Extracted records
--- START ---

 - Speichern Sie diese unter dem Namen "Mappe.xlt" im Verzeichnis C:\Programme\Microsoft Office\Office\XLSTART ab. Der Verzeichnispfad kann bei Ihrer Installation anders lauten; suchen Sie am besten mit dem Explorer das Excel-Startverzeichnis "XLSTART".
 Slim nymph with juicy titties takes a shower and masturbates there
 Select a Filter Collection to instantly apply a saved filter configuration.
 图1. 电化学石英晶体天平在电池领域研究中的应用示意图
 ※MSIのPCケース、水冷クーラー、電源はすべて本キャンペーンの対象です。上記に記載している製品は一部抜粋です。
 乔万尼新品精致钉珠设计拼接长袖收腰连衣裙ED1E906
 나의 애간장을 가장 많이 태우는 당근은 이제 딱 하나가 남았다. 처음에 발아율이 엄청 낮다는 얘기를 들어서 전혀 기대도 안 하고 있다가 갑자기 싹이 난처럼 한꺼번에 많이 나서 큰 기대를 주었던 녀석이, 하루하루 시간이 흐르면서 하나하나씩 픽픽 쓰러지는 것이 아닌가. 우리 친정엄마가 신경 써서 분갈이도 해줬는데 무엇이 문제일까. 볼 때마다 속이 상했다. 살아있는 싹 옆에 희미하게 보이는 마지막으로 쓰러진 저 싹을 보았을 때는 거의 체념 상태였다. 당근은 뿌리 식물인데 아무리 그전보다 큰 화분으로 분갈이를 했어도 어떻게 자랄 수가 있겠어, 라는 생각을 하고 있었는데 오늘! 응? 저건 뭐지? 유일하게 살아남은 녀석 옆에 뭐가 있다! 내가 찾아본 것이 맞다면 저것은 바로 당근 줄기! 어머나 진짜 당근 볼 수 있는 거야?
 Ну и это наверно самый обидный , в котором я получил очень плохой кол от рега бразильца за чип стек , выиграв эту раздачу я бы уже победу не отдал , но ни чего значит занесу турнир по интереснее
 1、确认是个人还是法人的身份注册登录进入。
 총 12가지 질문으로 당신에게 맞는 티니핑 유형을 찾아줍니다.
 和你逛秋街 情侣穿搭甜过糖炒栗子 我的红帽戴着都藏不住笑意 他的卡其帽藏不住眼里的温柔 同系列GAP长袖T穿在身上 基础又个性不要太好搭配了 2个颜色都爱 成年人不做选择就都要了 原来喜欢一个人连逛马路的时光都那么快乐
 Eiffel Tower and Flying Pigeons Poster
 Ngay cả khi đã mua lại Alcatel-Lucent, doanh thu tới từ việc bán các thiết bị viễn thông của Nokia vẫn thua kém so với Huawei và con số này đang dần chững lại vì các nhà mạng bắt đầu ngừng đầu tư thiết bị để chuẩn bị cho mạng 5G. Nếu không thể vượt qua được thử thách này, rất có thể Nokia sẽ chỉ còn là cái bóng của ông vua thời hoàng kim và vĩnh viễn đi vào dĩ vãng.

--- END ---

◆ Your task: Beginning with the line that holds "Eiffel Tower and Flying Pigeons Poster" and ending with the last line of the data, copy each line exactly and add nothing.

◆ Answer for the task:
 Eiffel Tower and Flying Pigeons Poster
 Ngay cả khi đã mua lại Alcatel-Lucent, doanh thu tới từ việc bán các thiết bị viễn thông của Nokia vẫn thua kém so với Huawei và con số này đang dần chững lại vì các nhà mạng bắt đầu ngừng đầu tư thiết bị để chuẩn bị cho mạng 5G. Nếu không thể vượt qua được thử thách này, rất có thể Nokia sẽ chỉ còn là cái bóng của ông vua thời hoàng kim và vĩnh viễn đi vào dĩ vãng.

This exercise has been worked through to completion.